Llegó el día de la propuesta, y allí estaba, parada frente a la computadora, con la cámara apagada y la facilitadora explicando que era conveniente armar nuestro espacio para movernos, tener claro dónde estaba cada cosa, porque en breve apagaríamos la mirada. No era solo cerrar los ojos, sino quizás tener un pañuelo o un antifaz que permitiera liberarnos de la tentación de abrirlos. ¿Qué divertido, pensé?, y a la vez, ¿qué tan importante sería que mantuviera los ojos cerrados? Imaginaba a vecinos mirándome al otro lado de la ventana, viendo a una persona con los ojos vendados bailando frente a la pantalla. A esa altura, la vergüenza me había abandonado, y solo quedaba sumergirme en la experiencia.

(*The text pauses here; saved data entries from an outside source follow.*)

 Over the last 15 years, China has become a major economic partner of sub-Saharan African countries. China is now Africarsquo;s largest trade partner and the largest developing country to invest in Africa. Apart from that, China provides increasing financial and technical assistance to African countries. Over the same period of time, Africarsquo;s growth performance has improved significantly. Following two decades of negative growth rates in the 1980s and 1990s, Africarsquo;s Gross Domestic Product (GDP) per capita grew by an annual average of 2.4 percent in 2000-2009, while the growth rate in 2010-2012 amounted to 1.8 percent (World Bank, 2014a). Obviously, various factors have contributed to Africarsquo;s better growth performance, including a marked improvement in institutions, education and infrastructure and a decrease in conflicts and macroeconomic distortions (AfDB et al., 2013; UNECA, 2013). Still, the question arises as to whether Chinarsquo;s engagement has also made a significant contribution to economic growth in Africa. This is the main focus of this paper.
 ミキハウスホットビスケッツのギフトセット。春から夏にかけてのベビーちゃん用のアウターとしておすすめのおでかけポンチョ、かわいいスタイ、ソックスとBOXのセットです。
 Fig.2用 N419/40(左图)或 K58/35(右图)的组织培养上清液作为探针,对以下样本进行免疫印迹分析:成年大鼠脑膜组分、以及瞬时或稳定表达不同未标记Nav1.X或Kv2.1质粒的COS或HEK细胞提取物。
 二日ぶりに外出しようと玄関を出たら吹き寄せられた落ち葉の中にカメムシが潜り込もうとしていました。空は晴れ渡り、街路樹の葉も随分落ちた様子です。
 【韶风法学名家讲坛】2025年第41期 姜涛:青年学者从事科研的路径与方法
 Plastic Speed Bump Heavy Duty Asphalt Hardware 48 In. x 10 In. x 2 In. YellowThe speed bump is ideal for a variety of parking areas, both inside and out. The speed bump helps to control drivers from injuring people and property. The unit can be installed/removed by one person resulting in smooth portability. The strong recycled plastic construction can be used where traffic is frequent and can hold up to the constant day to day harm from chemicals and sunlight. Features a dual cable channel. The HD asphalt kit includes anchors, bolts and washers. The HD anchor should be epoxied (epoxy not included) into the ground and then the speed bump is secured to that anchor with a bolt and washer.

Me puse esos antifaces para dormir y dejé que la música fuera un poco mi guía. Existía un recorrido que invitaba a poner la atención en un chakra y después en otro mientras nos íbamos moviendo, y tenía la impresión de que la mirada en esos instantes comenzaba a ampliarse. Una mirada interna, una observación con los otros sentidos. De pronto, empezaba a escuchar mi propio silencio y tenía la sensación de percibir el contacto de mis huesos y la piel. Me convocaba sentir cómo se profundizaba mi recorrido por un mundo interno, por un ritmo propio, y cómo afloraban con él recuerdos, huellas en el cuerpo, emociones cubiertas de ropa y del paso del tiempo que habían quedado olvidadas o quizás escondidas.
Cuando la mente deja de distraerse con lo que hay afuera, expresamos con el cuerpo lo que hay adentro. La vista, como sentido, es un lugar de contacto con el mundo externo, con nuestro accionar hacia los demás, y cuando nos permitimos cerrar los ojos, también le damos paso al resto de nuestros sentidos para que se manifiesten, contándonos otros puntos de escucha, de olfato, de sabores y de tactos. Tactos y contactos con nosotros mismos.